For example, the class java.lang.Math class contains an overloaded method named abs, which returns the absolute value of the argument. The signatures of different versions of the method are given below:

public static int abs(int num)
public static long abs(long num)
public static float abs(float num)
public static double abs(double num)

When an overloaded method is invoked, Java uses either the type of the argument or the number of the argument, or both as its guide to determine which version of the overloaded method to execute. This means that overloaded methods must differ either in the type of parameters or number of their parameters, or both.

The Method body

A method body is a block of code that implements the method. However, if the method is either declared as abstract or native, the block of code is replaced by a semicolon, which indicates an unimplemented method. The body of an implemented method specifies those statements that execute when the method is invoked. Besides other executable statements, the body of a method may contain the following elements:

The return statement

A return statement is used within a method body to return a value from a method. Methods declared with a return type other than void return a value to the calling code using the following form of the return statement:

return expression;

where, the expression is a value returned. If a method is declared as void, its body does not contain any return statement that has an expression.
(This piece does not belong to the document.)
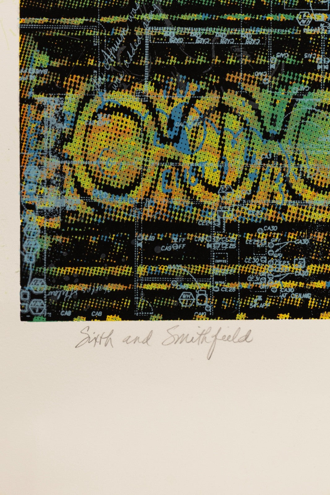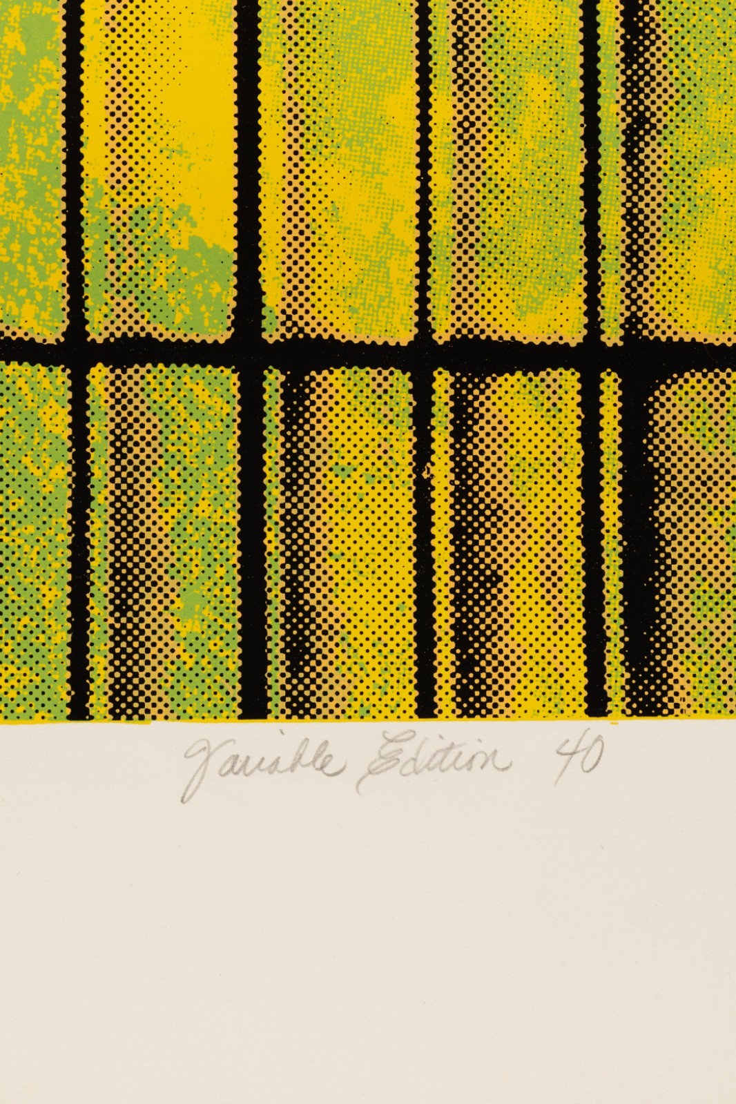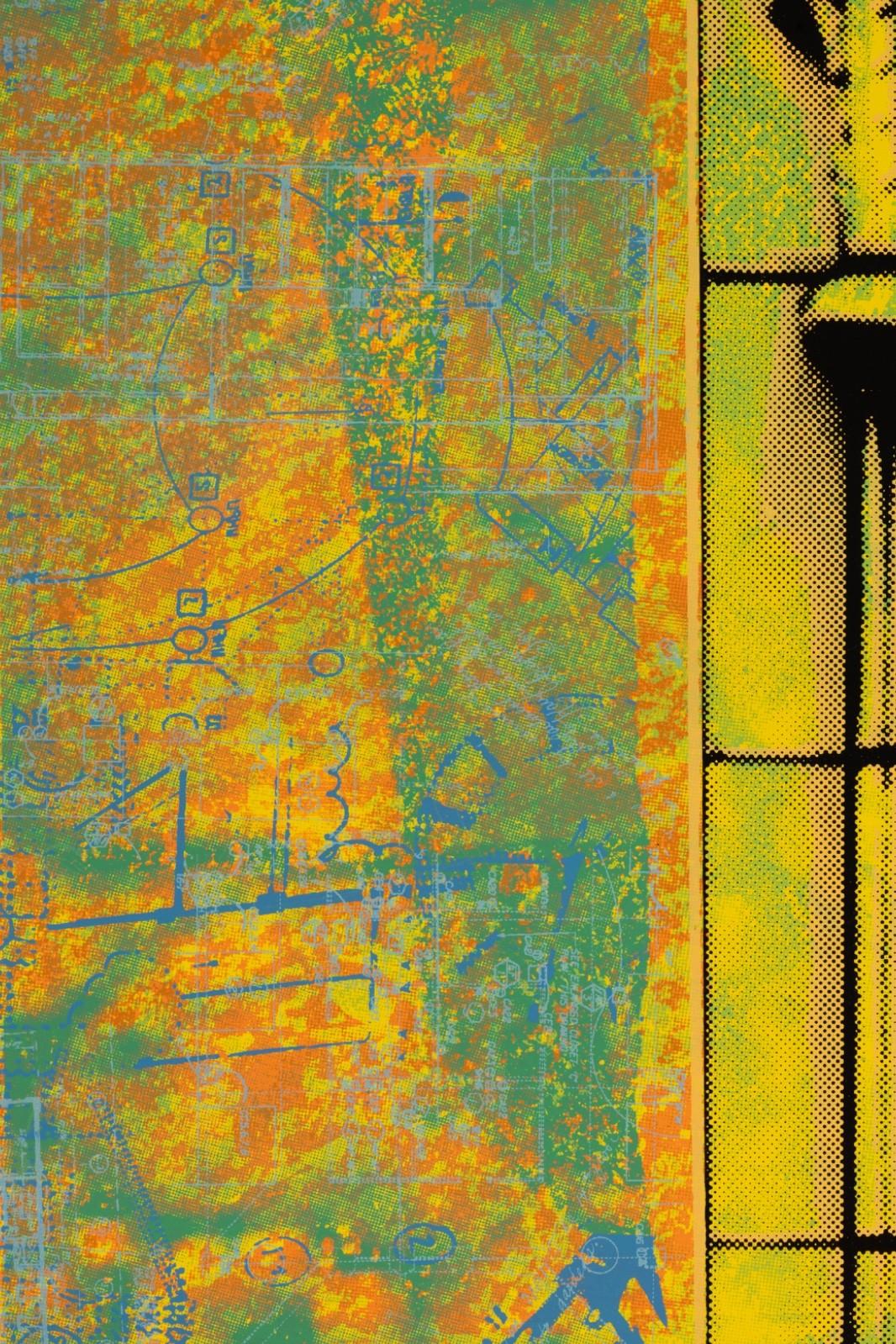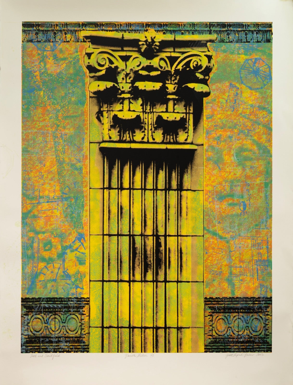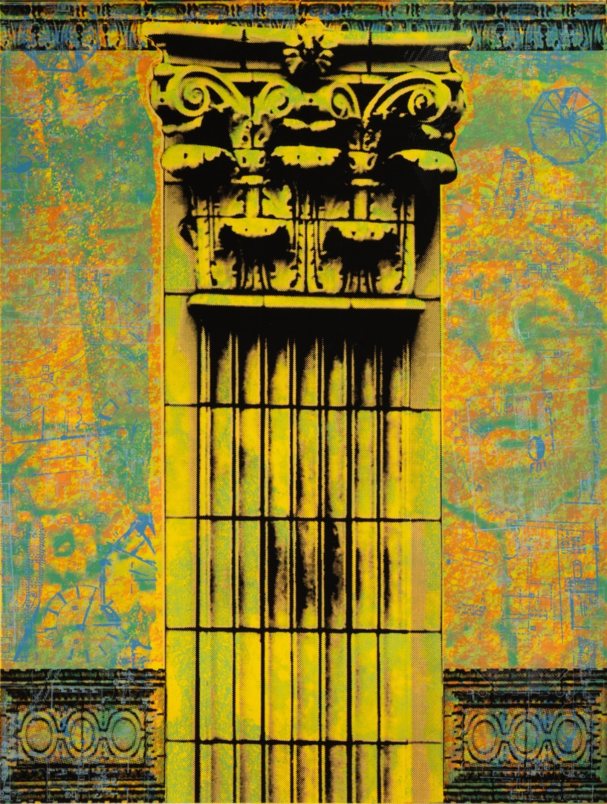 A color serigraph depicting a classical column rendered in yellow tones against a layered blue and gold ground with schematic, blueprint-like line work. The composition incorporates halftone patterning and geometric overlays, juxtaposing architectural form with contemporary graphic elements. Signed and dated in pencil lower right; annotated “Variable Edition” lower left. This work is part of Perlow’s Column Series, which examines historic architectural motifs through a modern printmaking process.

There are two points to be noted about returning a value from a method:

1. The data type of the value after the return statement must match the return type of the method. For example, if a method is declared to return a boolean type, only the boolean values true or false may be placed after the return statement.
2. The variable receiving the value returned by a method must be compatible with the return type with which the method was declared.

Apart from primitive types, a method may also return objects. When a method returns an object, the class of the returned object must be either a subclass of or the exact class of the return type.

The this keyword

In many situations, a method may need to refer to the object that invoked it. Java defines a keyword named ‘this’ to accomplish the task. The this keyword can be used within the body of a method to refer to the current object. The current object is the object on which the method was invoked.

The super keyword

If a method hides one of the member variables in its superclass, the method can refer to the hidden variable through the use of the super keyword. In the same way, if a method overrides one of the methods in its superclass, the method can invoke the overridden method through the use of the super keyword.

Local variables

Variables declared within the body of a method are known as local variables. They are so called because they are not available for use outside the block where they are declared. These variables are temporary variables, which are visible to the program only within the scope of the method. The scope defined by a method begins with the block that follows the method declaration. If the method has parameters, they too are included within the scope of the method. When the program control leaves the block, all the variables in the block cease to exist.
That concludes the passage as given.